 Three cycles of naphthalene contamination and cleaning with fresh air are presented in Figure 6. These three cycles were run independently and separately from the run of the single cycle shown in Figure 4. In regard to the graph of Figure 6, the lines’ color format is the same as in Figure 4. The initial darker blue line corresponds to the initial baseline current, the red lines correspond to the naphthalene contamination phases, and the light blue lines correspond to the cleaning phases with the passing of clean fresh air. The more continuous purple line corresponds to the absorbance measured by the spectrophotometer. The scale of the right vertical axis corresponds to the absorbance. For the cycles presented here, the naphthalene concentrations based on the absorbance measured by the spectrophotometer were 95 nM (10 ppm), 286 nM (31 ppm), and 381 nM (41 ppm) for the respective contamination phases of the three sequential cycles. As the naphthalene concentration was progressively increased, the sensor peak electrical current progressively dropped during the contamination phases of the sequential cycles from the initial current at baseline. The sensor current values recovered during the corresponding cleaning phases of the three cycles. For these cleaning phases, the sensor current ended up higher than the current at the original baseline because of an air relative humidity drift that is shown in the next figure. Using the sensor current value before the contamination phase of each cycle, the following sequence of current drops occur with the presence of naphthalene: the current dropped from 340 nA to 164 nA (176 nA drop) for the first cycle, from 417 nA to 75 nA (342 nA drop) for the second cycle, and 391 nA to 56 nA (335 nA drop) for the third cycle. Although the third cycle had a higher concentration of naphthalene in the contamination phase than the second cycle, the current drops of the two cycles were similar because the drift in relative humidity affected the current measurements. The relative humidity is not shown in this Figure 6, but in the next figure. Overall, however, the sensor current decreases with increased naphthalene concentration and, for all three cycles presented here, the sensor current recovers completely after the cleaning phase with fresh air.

============================================================

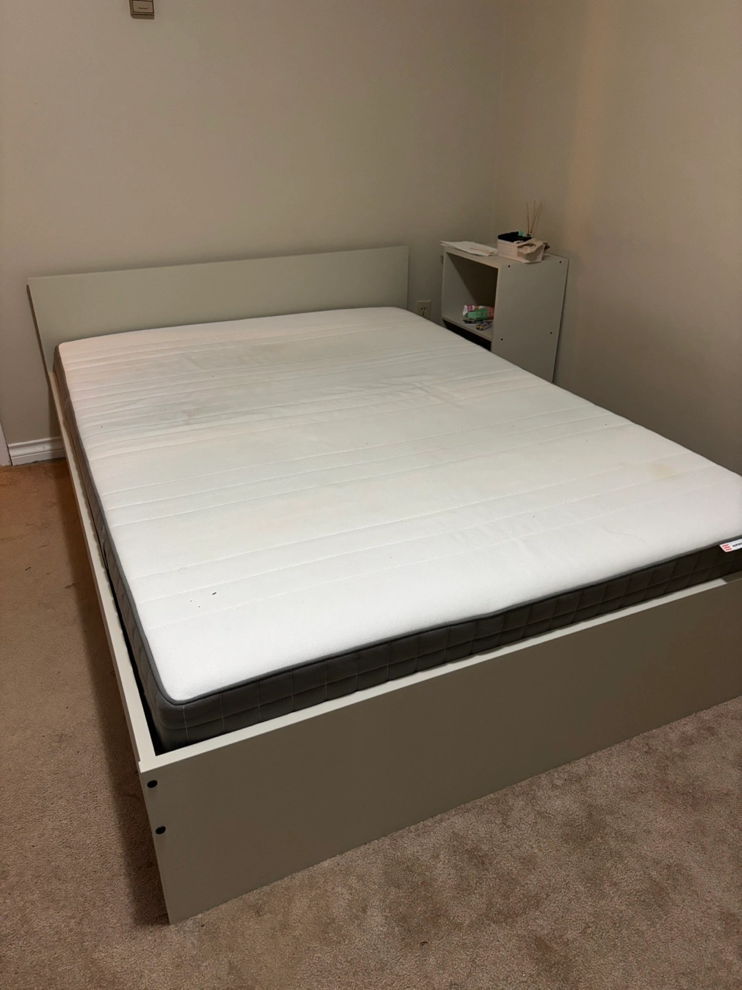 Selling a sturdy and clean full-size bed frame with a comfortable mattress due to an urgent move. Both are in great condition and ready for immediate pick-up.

============================================================

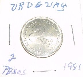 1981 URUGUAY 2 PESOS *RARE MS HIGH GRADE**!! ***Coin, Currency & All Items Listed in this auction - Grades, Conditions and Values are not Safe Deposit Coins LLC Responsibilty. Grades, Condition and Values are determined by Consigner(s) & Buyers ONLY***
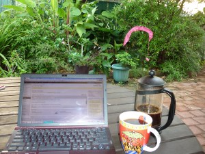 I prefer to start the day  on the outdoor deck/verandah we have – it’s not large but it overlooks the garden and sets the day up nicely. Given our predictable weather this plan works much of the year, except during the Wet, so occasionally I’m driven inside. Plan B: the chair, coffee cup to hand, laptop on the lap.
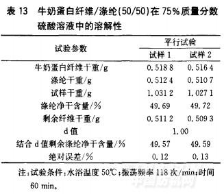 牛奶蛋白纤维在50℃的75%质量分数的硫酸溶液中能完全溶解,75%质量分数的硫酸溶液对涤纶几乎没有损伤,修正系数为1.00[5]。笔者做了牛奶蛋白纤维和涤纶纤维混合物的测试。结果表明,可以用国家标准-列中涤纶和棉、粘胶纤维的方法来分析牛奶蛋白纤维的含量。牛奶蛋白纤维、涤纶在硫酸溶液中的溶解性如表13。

============================================================

> [TASK TO COMPLETE]
Return only the stretch above from the line containing "1981 URUGUAY 2" through the line containing "I prefer to", word for word and without pictures.

> [RESULT FOR THIS TASK]
 1981 URUGUAY 2 PESOS *RARE MS HIGH GRADE**!! ***Coin, Currency & All Items Listed in this auction - Grades, Conditions and Values are not Safe Deposit Coins LLC Responsibilty. Grades, Condition and Values are determined by Consigner(s) & Buyers ONLY***
 I prefer to start the day  on the outdoor deck/verandah we have – it’s not large but it overlooks the garden and sets the day up nicely. Given our predictable weather this plan works much of the year, except during the Wet, so occasionally I’m driven inside. Plan B: the chair, coffee cup to hand, laptop on the lap.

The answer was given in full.